Key Takeaways for Patients and Clinicians
This case underscores several crucial points:
Monitor Blood Sugar Early and Often in Unexplained Abdominal Illness
In patients presenting with nausea, vomiting, and abdominal pain—even without a known history of diabetes—checking blood and urine glucose and ketones should be routine. Delayed diagnosis of DKA can lead to organ failure or death.
Don't Overlook Metabolic Causes Behind Elevated Pancreatic Enzymes
Elevated lipase does not always mean acute pancreatitis. Conditions like DKA, starvation ketosis, or even renal failure can mimic it. Always correlate labs with clinical context.
Early Insulin Therapy Saves Lives and Preserves Function
In type 1 diabetes, prompt insulin initiation prevents further beta-cell destruction and reduces the risk of complications.

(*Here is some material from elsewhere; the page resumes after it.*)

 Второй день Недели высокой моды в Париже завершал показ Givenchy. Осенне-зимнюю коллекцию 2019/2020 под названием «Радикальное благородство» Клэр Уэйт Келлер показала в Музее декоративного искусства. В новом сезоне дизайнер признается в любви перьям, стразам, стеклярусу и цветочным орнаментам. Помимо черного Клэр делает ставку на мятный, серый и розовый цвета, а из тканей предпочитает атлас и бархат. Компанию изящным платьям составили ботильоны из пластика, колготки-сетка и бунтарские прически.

Even with negative autoantibodies, clinical judgment based on C-peptide and glucose trends remains essential.
Lifestyle Guidance for Ongoing Management
For long-term success, the patient was advised to:
- Maintain regular meal timing and avoid skipping meals
- Limit intake of refined sugars and processed carbohydrates
- Adjust insulin doses according to carbohydrate consumption and activity level
- Engage in moderate aerobic exercise—such as brisk walking or light jogging—for 20–30 minutes after meals, provided blood glucose is above 5.6 mmol/L and no ketones are present
- Avoid intense physical activity during episodes of hypoglycemia or uncontrolled hyperglycemia
Final Reflections: A Call for Clinical Vigilance
Type 1 diabetes is often thought of as a childhood disease, but it can emerge at any age—even in adulthood, as seen here. This case reminds healthcare providers to remain vigilant when evaluating acute abdominal syndromes. Symptoms like abdominal pain may mask dangerous metabolic disturbances.

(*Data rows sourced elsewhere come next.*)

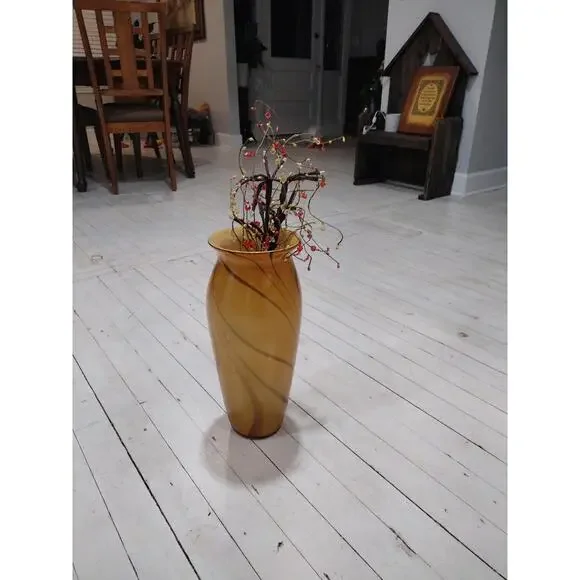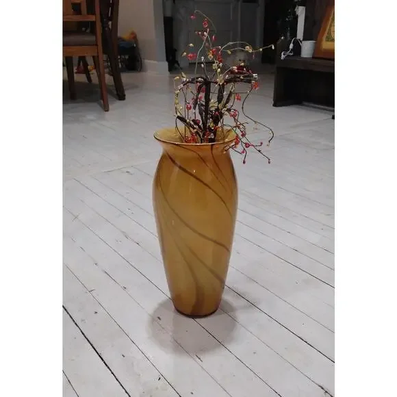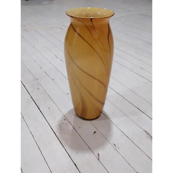 Stunning vintage swirled glass vase, yellow with brown, retroExcellent vintage conditionI will include the twigs with lights for free in case the buyer wishes to use as decorApproximately 15 inches x 7 inches
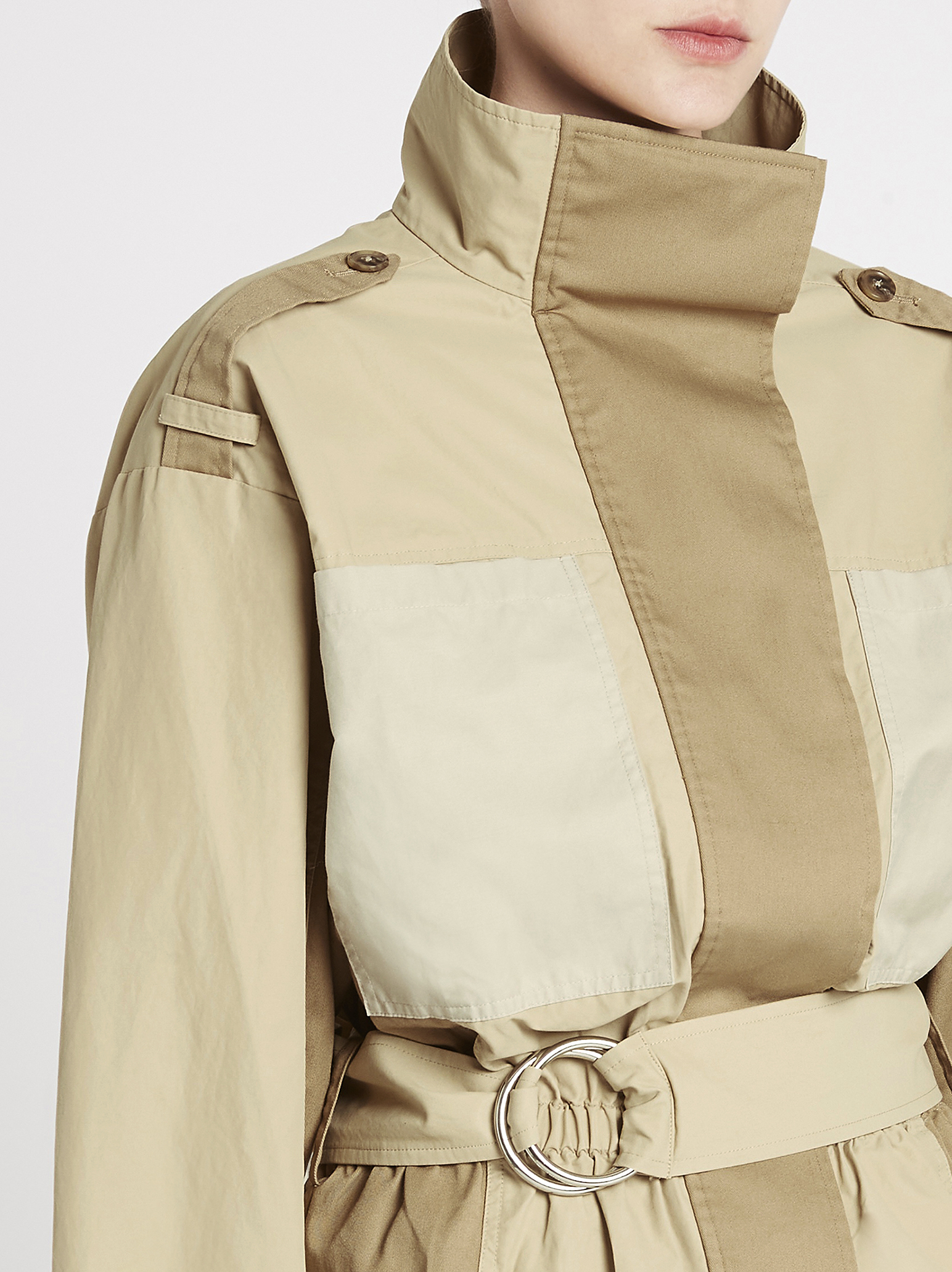 Look no further for a utilitarian inspired look with the Tonal Blocked Jacket in Khaki Multi. Crafted from a cotton blend, this block tonal jacket features a high neckline, an invisible button placket, elasticated lower waistline and is finished with duel breast front pockets and a self tie belt creating a cinched in silhouette. Layer over a simple tee and jeans for a weekend ready look.
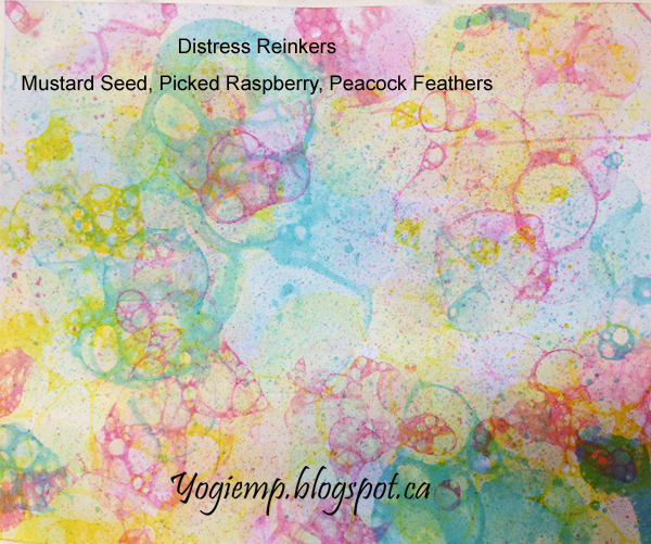 I used Distress Reinkers in 3 different containers - Mustard seed, Picked Raspberry and Peacock Feathers. I really like this combo |

Relying solely on imaging or isolated lab values can lead to misdiagnosis. Instead, integrating clinical signs, serial glucose monitoring, insulin/C-peptide assessment, and acid-base balance offers a more complete picture. Early recognition of type 1 diabetes—not just its complications—is key to preventing morbidity and saving lives.